Le sultan fit un signe. On apporta une pelisse d’honneur dont on revêtit Sabbathai ; puis une porte s’ouvrit, et Miriam parut et reçut de même la pelisse verte ornée de zibeline, que les cadines, femmes élues par le sultan, avaient le droit de porter.

En même temps, Sabbathai reçut le nom de Mehmed Effendi avec le titre de Capiachi Bacha (chambellan de l’empereur) ; sa femme, l’ancienne fille publique, était élevée au rang de Fatime Cadine.

La nouvelle de l’apostasie de Sabbathai traversa l’Asie et l’Europe comme un éclair. Les ambitieuses espérances des Juifs tombèrent à néant, les prophètes se turent, le silence se fit dans tous les pays.
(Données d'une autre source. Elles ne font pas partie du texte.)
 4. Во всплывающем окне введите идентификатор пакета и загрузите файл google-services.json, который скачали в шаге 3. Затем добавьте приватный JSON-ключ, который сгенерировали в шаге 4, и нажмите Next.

Cependant, quelques-uns de ses plus enthousiastes disciples demeurèrent fidèles. Sabbathai Zewy leur prouva par le livre d’Elieser, qu’avant d’entreprendre son œuvre, le Messie passerait quelques jours parmi les infidèles, et invoqua le passage du prophète Isaïe, 53, 12 : « Il sera compté parmi les criminels, portera les péchés d’un grand nombre et se rencontrera avec les impies. »

En conséquence, trois cents de ses disciples passèrent à la religion de Mahomet. D’autres suivirent leur exemple.
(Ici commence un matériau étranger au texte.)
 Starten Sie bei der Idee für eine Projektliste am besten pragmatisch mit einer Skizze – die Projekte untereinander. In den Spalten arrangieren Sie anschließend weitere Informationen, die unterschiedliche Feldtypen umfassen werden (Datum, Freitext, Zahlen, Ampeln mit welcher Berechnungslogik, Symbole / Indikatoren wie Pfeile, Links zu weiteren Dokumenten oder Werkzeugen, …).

Ils justifiaient leur conduite en disant : « Dans le Talmud, traité du Sanhédrin, il est dit : Le Messie, fils de David, ne pourra venir que lorsque le monde entier sera devenu ou tout à fait vertueux ou tout à fait criminel. Rendre tous les Juifs vertueux paraissant impossible, il est plus sage de les rendre tous criminels. Or, l’iniquité suprême étant l’apostasie, tous les juifs n’ont qu’à se faire musulmans pour hâter l’arrivée du Messie. »

Sabbathai à qui Miriam donna un fils du nom d’Ismaël, vécut comme un prince à Constantinople, honoré et comblé de présents par le sultan. Mais, comme lui et ses disciples conservaient leurs usages hébreux et que, tous les jours, de nombreux juifs se convertissaient à l’Islam, les musulmans, redoutant la disparition complète de leurs croyances, obtinrent du grand vizir qu’il éloignât Sabbathai de la capitale.
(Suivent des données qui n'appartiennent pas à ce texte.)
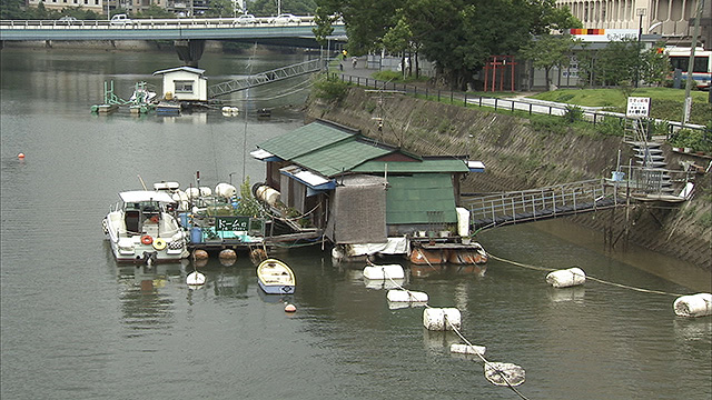 つづいて猿猴川に浮かぶ"謎の家"を発見?!なんとそこには人が住んでいて、「水上タクシー」の看板まで!!どうしてここに住むようになったのか?家の中を案内してもらいながら戦後の川べりの歴史にも思いをはせ...さらにご主人の水上タクシーで猿猴川クルーズ!老舗カメラ店のご主人に猿猴橋の復刻への思いを聞きながら、秘蔵の写真も大公開!かの有名な○○軍団が広島で、、、?

Le Messie fut exilé au fort Dulcingo où il mourut le 10 septembre 1676, jour de la réconciliation, et fut enterré au bord du Danube. Ses partisans soutinrent qu’il n’était pas mort, mais, à l’instar des prophètes Enoch et Elie, monté au ciel dans un char enflammé.



  1. Selon le Talmud, voix céleste qui annonçait à la naissance de chaque garçon l’épouse qu’il aurait.